Multimode control of chimneys including soil-structure interaction (SSI) under earthquake ground motions is presented. Distributed multiple tuned vibration absorbers (d-MTVAs) are used for multimode control of the chimney including SSI. Assessment of seismic responses is made for the chimney equipped with a single tuned vibration absorber (STVA), the d-MTVAs all suppressing the primary modal responses (d-MTVAs-1), arbitrarily placed d-MTVAs (ad-MTVAs), and d-MTVAs under different real earthquake excitations. The following conclusions are drawn from the results of the numerical study presented here:(1)The d-MTVAs controlling multimodal response are more consistent in efficiently mitigating the displacement and the acceleration responses.(2)The optimum damping exists for the fixed-base chimney installed with TVAs.
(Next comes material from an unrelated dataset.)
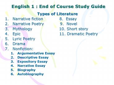 English 1 : End of Course Study Guide PowerPoint PPT Presentation
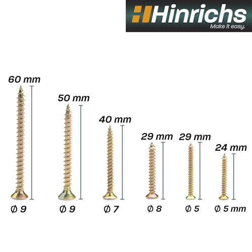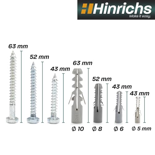 HInrichs Kit de Vis et Cheville 417 Pièces â Boite avec 204 Cheville Beton de 4 Tailles + 213 Vis de 9 Tailles â Vis Placo

However, damping ratios (*ζ*_{d}) may not improve the performance of the different schemes under different soil properties considered herein.(3)The increase in the mass ratio (*µ*) of the TVAs (i.e., masses of the units of the TVA to the mass of the chimney) leads to the increase in the seismic response reduction for most of the schemes studied herein (d-MTVAs, ad-MTVAs, and d-MTVAs).(4)The soil type significantly influenced the design parameters of the STVA/d-MTVAs-1/ad-MTVAs/d-MTVAs schemes and seismic responses of the chimney with flexible foundation. Moreover, the d-MTVAs are more robust as compared to the STVA, d-MTVAs-1, and ad-MTVAs.

#### Data Availability

The data used to support the findings of this study are available from the corresponding author upon request.

#### Conflicts of Interest

The author declares that there are no conflicts of interest.